*Work task*. Leave out the pictures and set down exactly the lines from the start of the listing through the one with "Didirikan pada 2010, On", both included.

*Records supplied*.
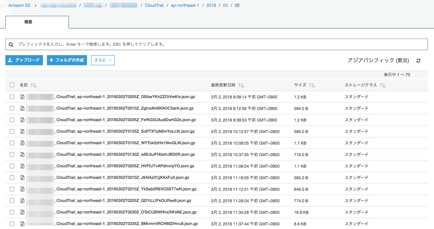 その欠点を補うために証跡情報を使います。 なお、証跡情報はS3バケットに下記のような感じで約5分間隔で保存されます。
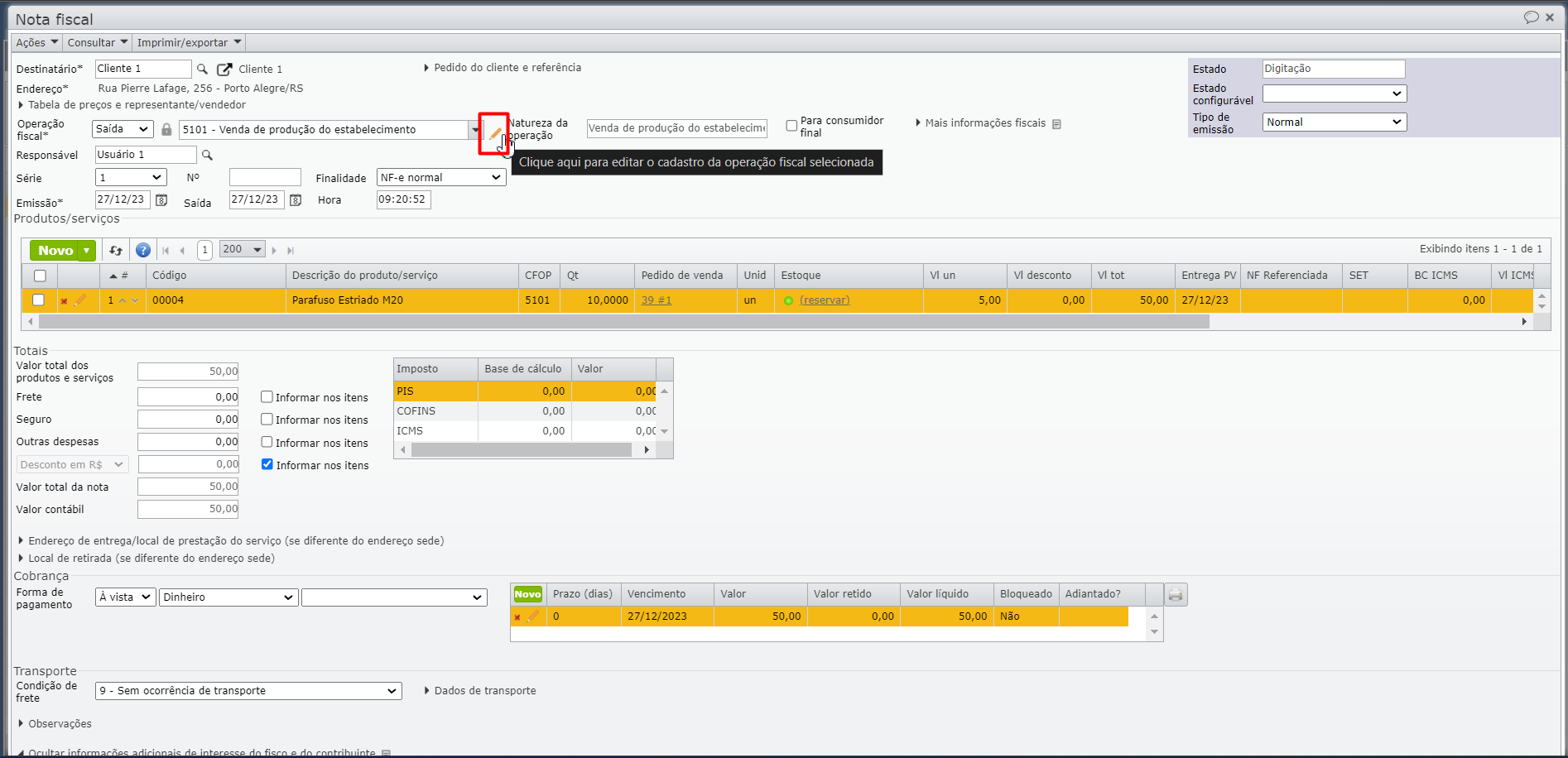 a) Na tela edição da NF, clique no ícone “lápis laranja”, ao lado do campo “Natureza da operação”, para abrir a tela de edição da operação fiscal.
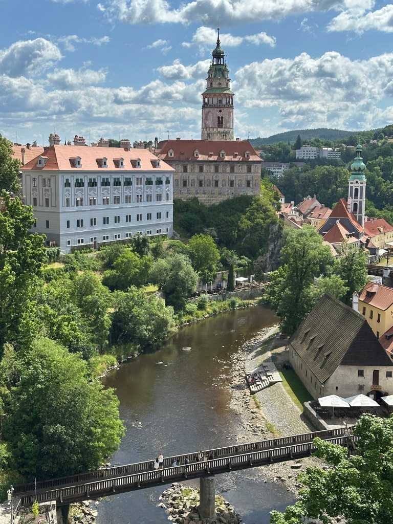 Day 2, for us, was an all-day excursion to the medieval town of Cesky Krumlov in southern Bohemia, in the Czech Republic, while the ship was docked in Linz, Austria. Yes, we had visited Cesky Krumlov when we were living in CR in 1993, and were interested in seeing any changes. There certainly were plenty! Where before, the entire town looked as if it needed pressure washing, now all the buildings are clean and brightly colored. I remember lots of scaffolding around church and castle towers, but those have all been restored. The town is a big tourist destination, as it’s a UNESCO world heritage site, so there are lots of shops and restaurants now. It was an interesting visit.
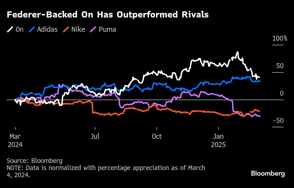 Didirikan pada 2010, On berkembang pesat berkat kombinasi pemasaran berbasis komunitas dan dukungan dari duta merek terkenal, termasuk aktor dan penyanyi Zendaya. Bulan lalu, legenda tenis Roger Federer tampil dalam iklan Super Bowl pertama On, sebagai bagian dari upaya meningkatkan kesadaran merek dan menarik lebih banyak penggemar.
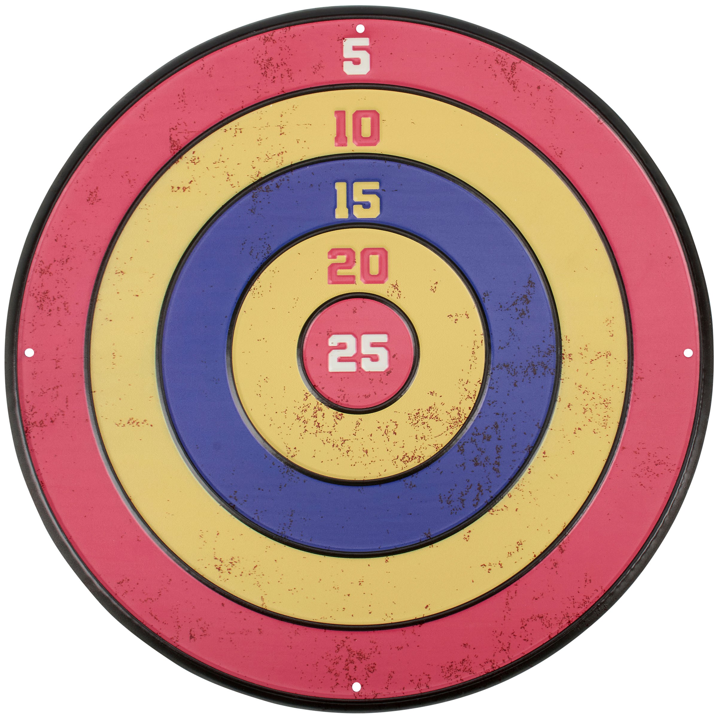 A metal wall décor piece from our Lake & Cabin Collection featuring an archery target design inspired by vintage summer camp style. Archery target sign design features embossed details and a rust finish for an aged appearance. Our Archery Target metal wall décor is easy to hang against wall using the included mounting hardware and pre-drilled holes on each side. A vintage camping themed home accent that coordinates well with cabin decor.
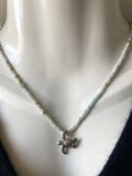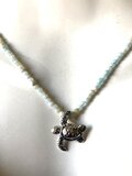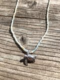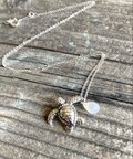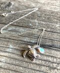 シンプルなシルバーチェーンに、海の欠片をひと粒。虹色の光を放つエチオピアンオパール、穏やかなカルセドニー、南国の海のようなアパタイト、神秘的なムーンストーン。ホヌが海の宝物と一緒に泳いでいるような、あなただけの物語を演出します。
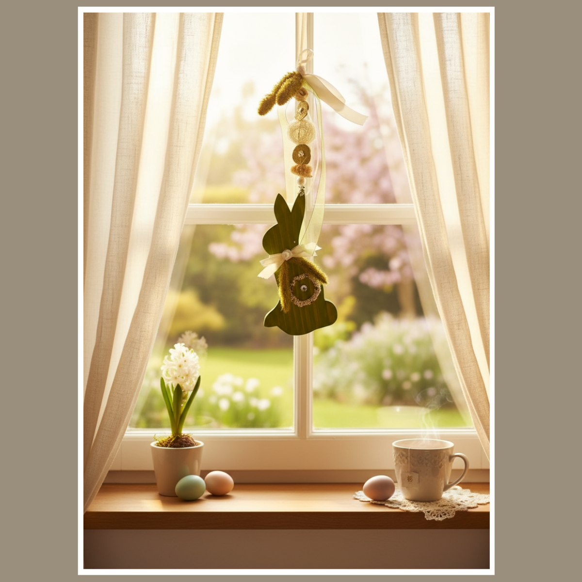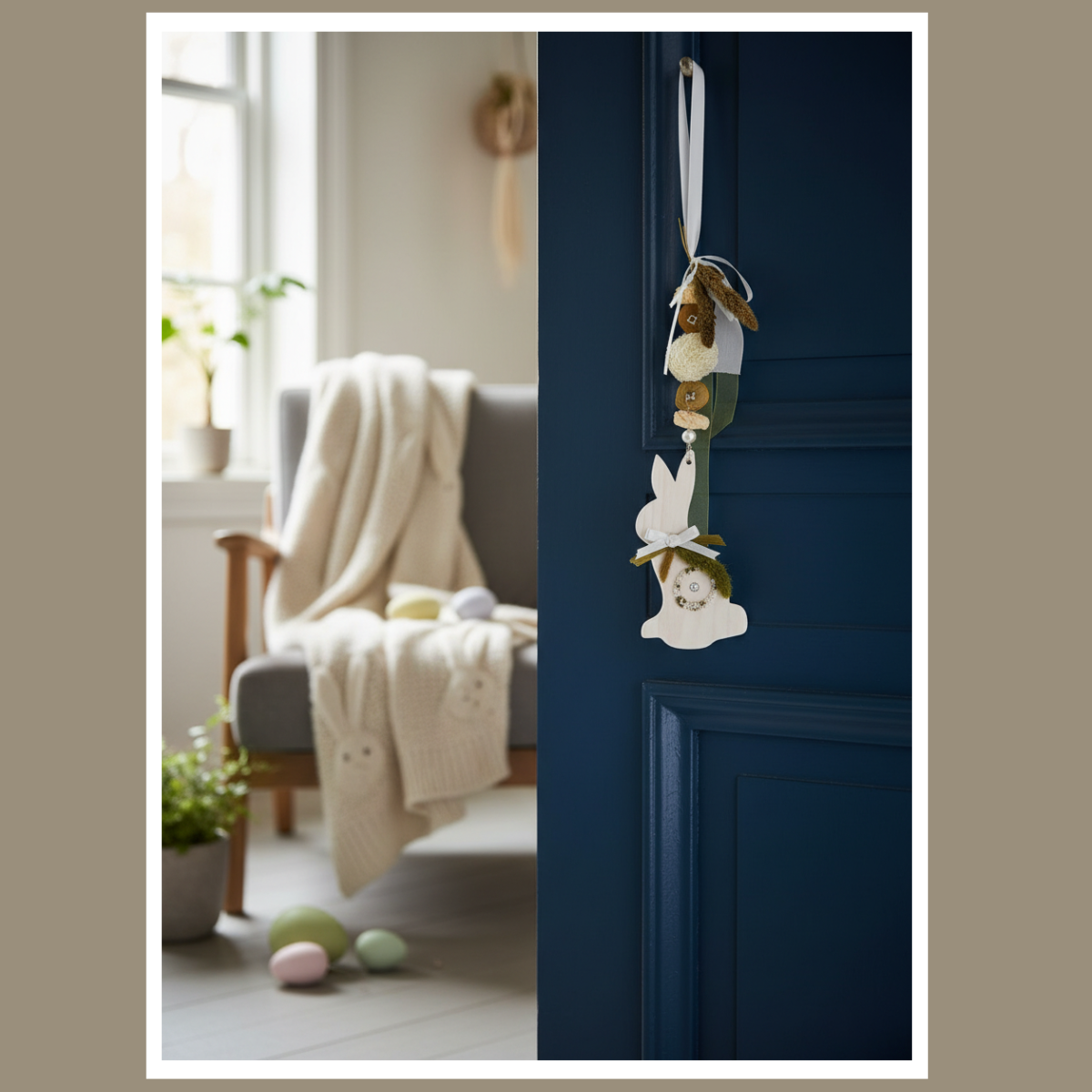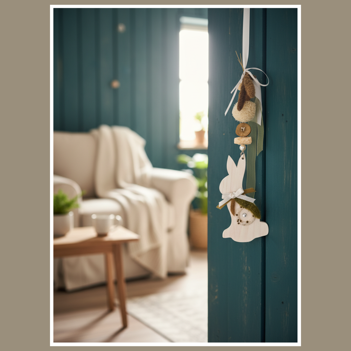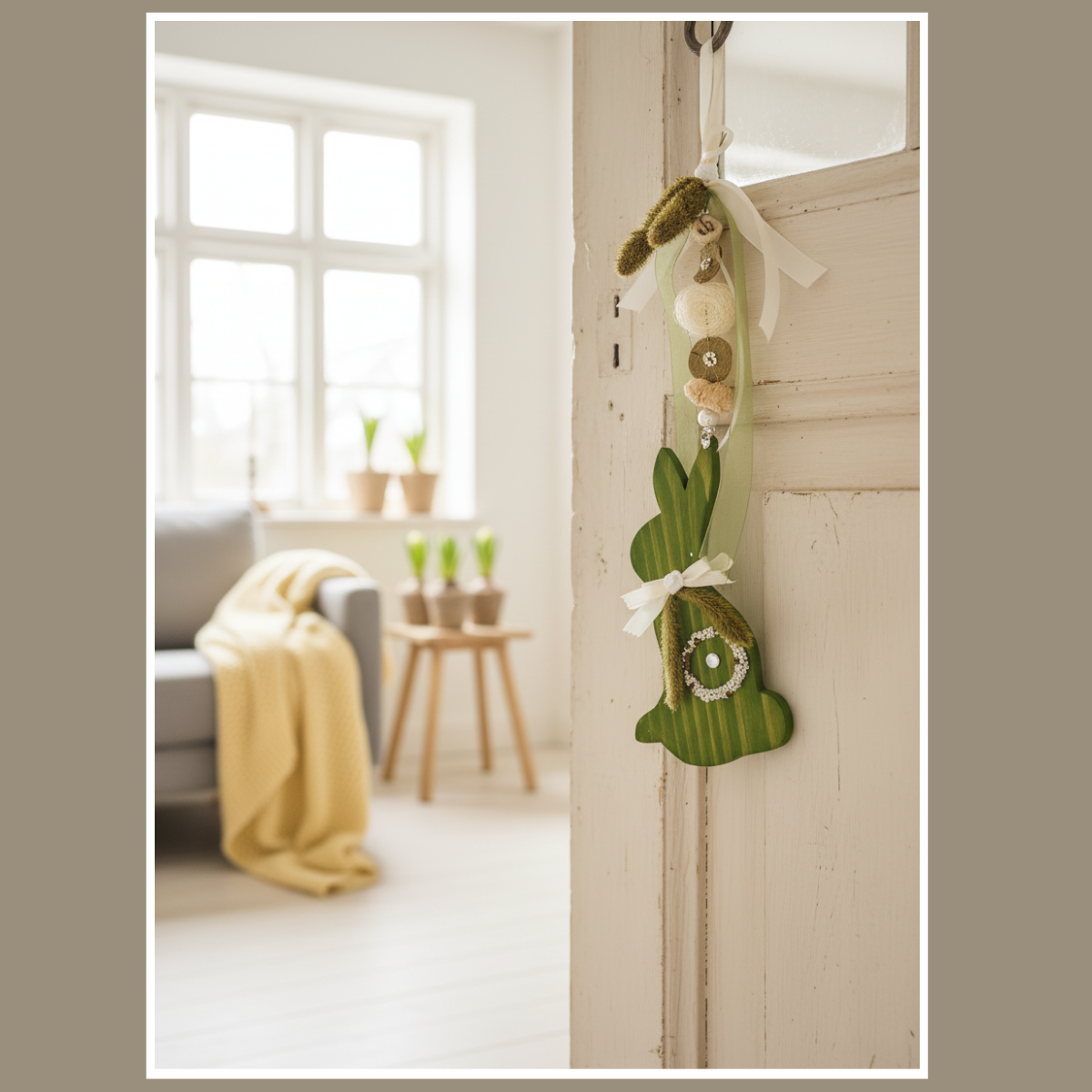 Biały drewniany zajączek tworzy spokojne tło, a zielone akcenty dodają wiosennej energii. Całość jest lekka wizualnie, dlatego dobrze łączy się z jasnymi zasłonami, drewnem, lnem i naturalnymi tkaninami. Jeśli lubisz spójne aranżacje, możesz dobrać do niej inne ozdoby w podobnym klimacie i stworzyć jednolitą wiosenną kompozycję w domu.

*Written solution*.
 その欠点を補うために証跡情報を使います。 なお、証跡情報はS3バケットに下記のような感じで約5分間隔で保存されます。
 a) Na tela edição da NF, clique no ícone “lápis laranja”, ao lado do campo “Natureza da operação”, para abrir a tela de edição da operação fiscal.
 Day 2, for us, was an all-day excursion to the medieval town of Cesky Krumlov in southern Bohemia, in the Czech Republic, while the ship was docked in Linz, Austria. Yes, we had visited Cesky Krumlov when we were living in CR in 1993, and were interested in seeing any changes. There certainly were plenty! Where before, the entire town looked as if it needed pressure washing, now all the buildings are clean and brightly colored. I remember lots of scaffolding around church and castle towers, but those have all been restored. The town is a big tourist destination, as it’s a UNESCO world heritage site, so there are lots of shops and restaurants now. It was an interesting visit.
 Didirikan pada 2010, On berkembang pesat berkat kombinasi pemasaran berbasis komunitas dan dukungan dari duta merek terkenal, termasuk aktor dan penyanyi Zendaya. Bulan lalu, legenda tenis Roger Federer tampil dalam iklan Super Bowl pertama On, sebagai bagian dari upaya meningkatkan kesadaran merek dan menarik lebih banyak penggemar.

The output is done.